Ash returned to the table. Her eyes were clear, bright, and calm, and she was walking a straight line. She settled smoothly into her chair. There was a curious smile on her face. She signaled the waiter for another bottle of Moët.

Dobbsie chatted about some Texans who were funding the Metropolitan Opera’s new Il Guarani and who were hooked on cocaine, and then he saw a woman across the room and waved. “That’s the Duchess de Chesney, used to be Anita Starr, showgirl slash schoolteacher slash porno star, now there’s a story I want to get. Will you girls excuse me?”

“Have you got his book?” Babe asked as soon as she and Ash were alone.

“Dobbsie’s book on you? It’s divine, of course I have it.”

“May I borrow it?”

29

THE LAMPLIGHT LAY STILL and liquid on the bedsheets. Propped on two pillows, Babe opened Mortal Splendor: Inside the Babe Vanderwalk Devens Affair.

She read slowly, carefully.

It is in the nature of beginnings, Dobbsie wrote in his prefatory note, that they begin … somewhere. Every comedy, every tragedy, every act of life-giving or life-taking, has its beginning in some other event. The Freudian tells us it all began in the unconscious where forgotten childhood trauma festers. The Marxist tells us it all began in the class struggle that shapes the destiny of every human, be he capitalist drone or proletarian drudge. The Bible tells us, not unwisely, that it all began in the cataclysm of the Creation.

Where then did the chain of events begin that climaxed in Babe Vanderwalk Devens’s drug-induced coma?
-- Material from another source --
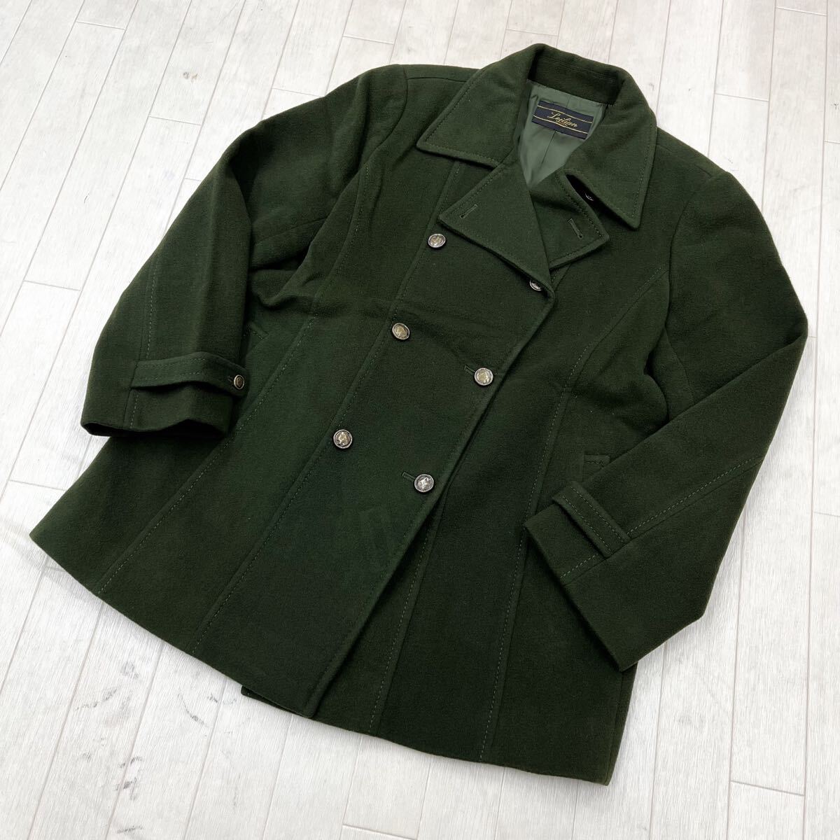 K4★ Leilian レリアン ピーコート Pコート ハーフコート ダブルボタン カシミヤブレンド 日本製 9 グリーン レディース

In the needfulness of a six-year-old little princess who had every luxury but parental love? In the ambition of a Kentucky mountain boy who preferred martinis to beer, the music of George Gershwin to the twang of a guitar? In the grinding three-hundred-year poverty of Appalachia? In the Babylonian glitter of New York City that has dazzled and appalled the world ever since the Robber Barons burst upon the scene?
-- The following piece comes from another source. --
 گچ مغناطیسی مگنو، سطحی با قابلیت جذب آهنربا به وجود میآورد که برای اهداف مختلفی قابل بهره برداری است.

Maybe the Bible gives us the clue. Maybe it all began … in the beginning.

Babe frowned and turned the page. In the first chapter, “By Their Roots Shall Ye Know Them,” Dobbsie examined bloodlines.

Through marriage licenses he had been able to trace Scott Devens’s ancestry back through three impoverished Kentucky generations; he said that research further back had been made impossible by “a wall of illegitimacy.”
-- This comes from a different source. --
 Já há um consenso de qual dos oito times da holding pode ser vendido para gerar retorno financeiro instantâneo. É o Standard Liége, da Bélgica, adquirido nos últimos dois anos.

Dobbsie then turned to Babe’s family tree. He had unearthed the name Pieter Isaak Valk in the register of the Shearith Israel Synagogue of Amsterdam—a remarkable congregation where, almost seven decades earlier, the name Jan Jakob Astor had been similarly inscribed—Jan, of course, being the Dutch form of John. (The name Valk, Dobbsie explained, was related to the Dutch word for falcon, which also served as a slangy Lowlands pejorative for a sharp operator. Imagine, he said, a young American called Peter Isaac Shark, and you have the picture.) Pieter Isaak, the youngest son of a peddler, had been bar mitzvahed in 1830 and in 1833 had emigrated to New York on a ship of the Dutch West Indies Company. He went into the fur-trading business, hauling barrels of Dutch rum into the Indian reserves in upper New York State and Quebec; he bartered liquor for animal pelts, shrewdly extending credit to the tribes, and forged a monopoly.

In 1848 Valk, now a stock market millionaire calling himself Peter Isaac Vanderwalk, rescued the United States Treasury from bankruptcy, forming a consortium to buy up the largest bond issue ever floated by the federal government. From 1860 to 1864 he bankrolled Abraham Lincoln’s Union government in its struggle against the Confederacy.